By Sam Prestianni, Thursday, Jul. 16 2009 @ 9:09AM
Fire Arts Festival
July 15, 2009
At an abandoned parking lot beneath an overpass to the Bay Bridge between a field of dry weeds and the Oakland Water Treatment Plant
Review and Photos by Sam Prestianni
Better Than: Maker Faire, cousin to Burning Man
How do engineers feel cool? They get hot at the Fire Arts Festival, the Bay Area's premier showcase for exploding sculptures and all forms of fire play, second only to Burning Man.
The spectacular four-night event (which runs through Saturday) is the primary fundraiser for the Crucible, an Oakland-based non-profit that teaches flammable fun to students of all ages. Classes include both old- and new-school skills--from blacksmithing and glassblowing to light-bright electronics and kinetic machine-making--and all of these rare talents were on display at the opening night of this year's ninth annual blowout.
One of the most memorable exhibits was the Fire Vortex, a frightful game of man taming nature, if propane-fueled flames spurred into not-so-tiny tornadoes by a pair of guys in shiny jumpsuits with huge splashing wands and a half-dozen industrial-sized fans can be said to be nature. Another was a remote-controlled pendulum, breathing fire from canons at its four corners as it swooped and swirled like a Battlestar or an excessively agile ballet dancer.
A stunning outsized gyroscope of sorts, a postmodern tribute to Galileo, perhaps, looked like a solar system that could have spawned I-Robot. And CoolNeon.com's extraordinary light boxes, strobes, orbs, and pressure-sensitive floor tiles (think Dance Dance Revolution for the kitchen choreographer) combined technology and artistry into exquisite consumer goods made possible by the global economy (the EL wire comes from Israel, the manufacturing's done in China).

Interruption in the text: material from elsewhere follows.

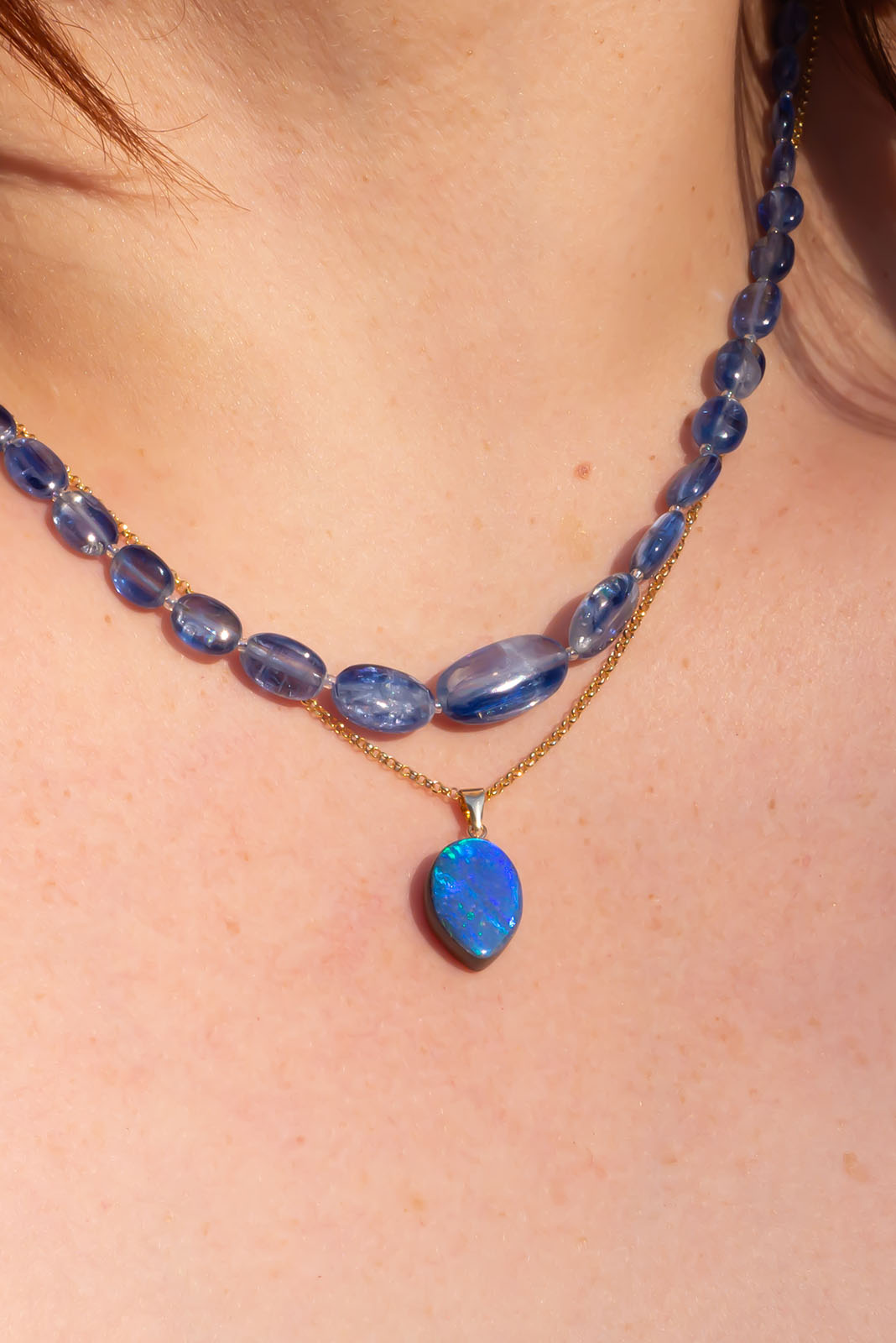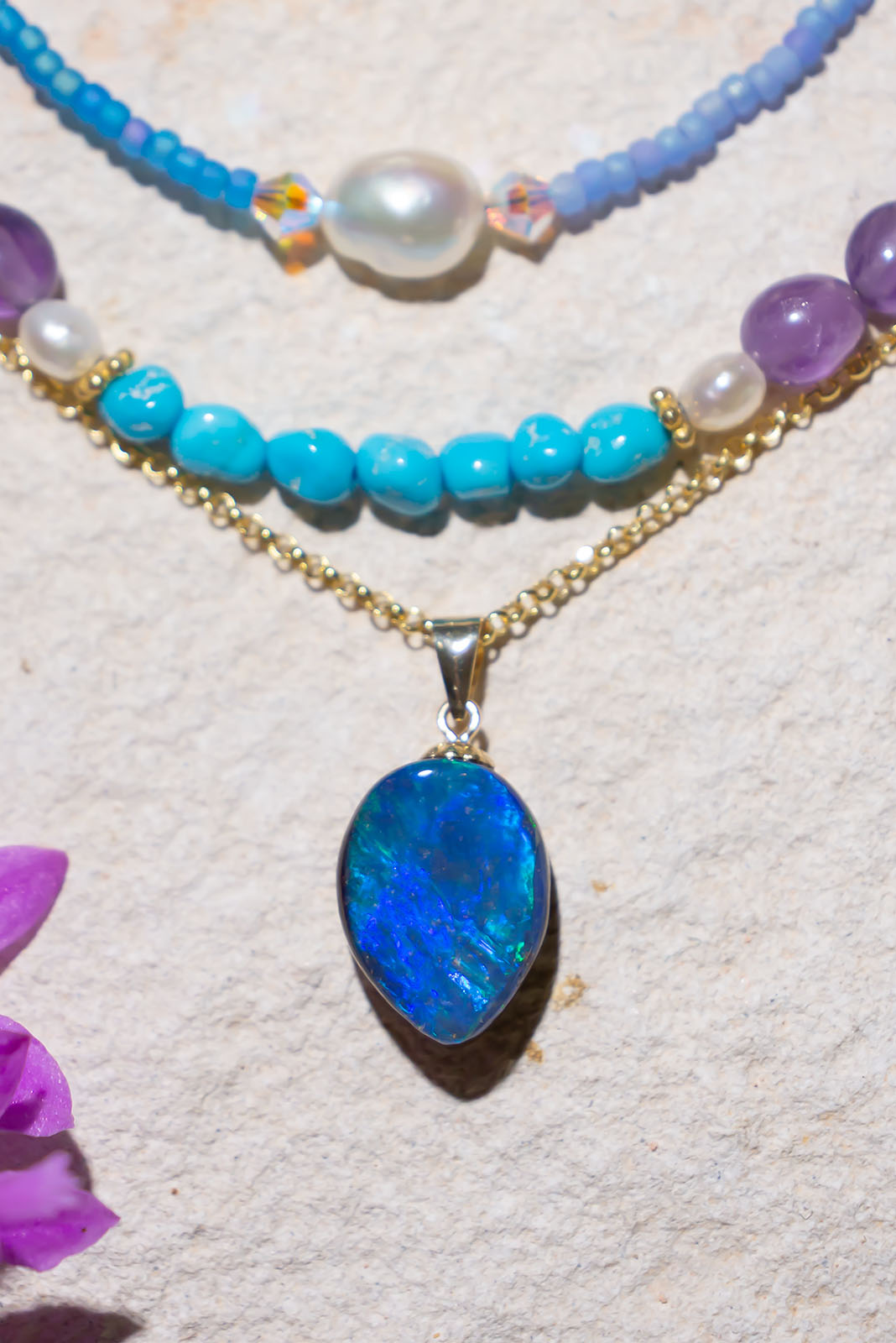 This Australian Boulder Opal pendant has an ocean of green, and blue, flowing across surface. The colours of the sea at the reef.

Beyond the installations and artist booths, the festival featured a main stage for a host of performances, from the Fire Arts Collective dancers--who belly-writhed and discoed the night away with burning batons, whips, hula hoops, and jump ropes--to Whirling Dervish Aziz Abbatiello, who spun round and round to classic Sufi music with the hem of his cassock a flickering halo at his feet. There was also a dirty guitarist slopping up Jimi Hendrix's "Purple Haze" while riding a unicycle, and a kick-up-your-boots late-night jam by ballsy bluegrass locals Poor Man's Whiskey.
The standout gig of the evening was Dan Cantrell's "The Rootabaga Opera," a musical-theatrical thrill ride through the Bay Area's American, Chinese, and Eastern European cultural roots, inspired by the children's stories of poet Carl Sandburg. The piece was done up in style with a massive cast of singers (including the luminescent Kitka), dancers, musicians, puppeteers, and performance artists. Blasts of fire punctuated the entertaining storyline, which had something to do with Newsies, trains, and an adorable goat and goose, though it was impossible to follow the narrative in the chaos of the multisensory overload. Of course, this didn't matter as the soundtrack entranced, moving deftly from country hoedown to uptown jazz to Tom Waits-like carnival antics, Brechtian drama, haunting folksong, and so on. So much fire, so little time... I intend to go back for more later this weekend. (See thecrucible.org for details and tickets.)